# Tankcars in "Dead Freight - Breaking Bad"



## Wolf1970 (Mar 5, 2020)

Dear railroad enthusiasts,

my name is Roland from Germering near Munich, Germany and thanks for the inclusion in your forum!

Hope, this is the right category for my post.

I want to model the train heist scene from the Breaking Bad series in H0-scale an want to stay quite close to the original. The loco I have already found out it’s a GP7u, also with the boxcars and hoppers I was mostly successful. Only at the tank cars I have problems to identify clearly their size. In the movie the robbed one is indicated as 24.000 gallons, but I can‘t find this size in real or model. I also suspect that the robbed car has an insulation, the ends of its tank are a bit different (sharper) than the ones of the other tankcars that ar fully rounded.

Good views of the cars can be seen 




Maybe some of you can help me identify the size of the tankcars?

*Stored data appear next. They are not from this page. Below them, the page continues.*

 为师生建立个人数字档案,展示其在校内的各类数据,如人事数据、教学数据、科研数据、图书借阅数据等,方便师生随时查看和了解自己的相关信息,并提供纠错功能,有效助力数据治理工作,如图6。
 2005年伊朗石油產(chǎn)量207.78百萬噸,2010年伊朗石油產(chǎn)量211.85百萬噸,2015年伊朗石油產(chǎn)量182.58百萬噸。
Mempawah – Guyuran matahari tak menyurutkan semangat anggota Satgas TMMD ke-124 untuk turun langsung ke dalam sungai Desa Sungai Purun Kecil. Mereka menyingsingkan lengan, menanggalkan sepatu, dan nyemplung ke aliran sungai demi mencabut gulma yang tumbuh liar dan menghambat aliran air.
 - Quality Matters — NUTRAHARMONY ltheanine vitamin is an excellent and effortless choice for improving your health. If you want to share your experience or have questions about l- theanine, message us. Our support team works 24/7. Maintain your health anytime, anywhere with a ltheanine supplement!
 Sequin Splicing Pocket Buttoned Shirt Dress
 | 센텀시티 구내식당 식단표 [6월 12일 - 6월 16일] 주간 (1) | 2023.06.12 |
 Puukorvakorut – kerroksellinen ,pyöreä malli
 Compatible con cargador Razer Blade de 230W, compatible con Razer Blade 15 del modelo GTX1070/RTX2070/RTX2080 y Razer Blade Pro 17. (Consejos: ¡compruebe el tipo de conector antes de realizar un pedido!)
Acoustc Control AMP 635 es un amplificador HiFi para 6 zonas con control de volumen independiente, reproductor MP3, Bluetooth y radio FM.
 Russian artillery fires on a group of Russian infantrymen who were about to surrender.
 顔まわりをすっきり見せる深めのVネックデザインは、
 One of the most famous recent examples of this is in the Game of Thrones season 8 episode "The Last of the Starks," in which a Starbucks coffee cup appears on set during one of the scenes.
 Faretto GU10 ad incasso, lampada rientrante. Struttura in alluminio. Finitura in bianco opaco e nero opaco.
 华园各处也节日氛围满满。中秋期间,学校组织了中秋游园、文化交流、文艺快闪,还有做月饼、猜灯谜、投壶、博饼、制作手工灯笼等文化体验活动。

Many thanks and best regards from Bavaria,
Roland


----------



## Cousin Eddie (Jan 4, 2019)

After much research and watching the making of that episode I found a company called GATX has 24,000 gallon in real world tank cars but found none in HO scale the closest Would be one of these. One is a little under and one a little over. You can buy decals and change it to 24,000 if need be.


----------



## Wolf1970 (Mar 5, 2020)

I think the 23,500 is the one. The 25,500 are slightly bent (to ensure complete draining) and in the Film they all seem straight.

Thank you for the help!
Roland


----------



## cv_acr (Oct 28, 2011)

Yeah, that car the actor jumps off of looks to be an ACF car very similar to the Atlas model.


----------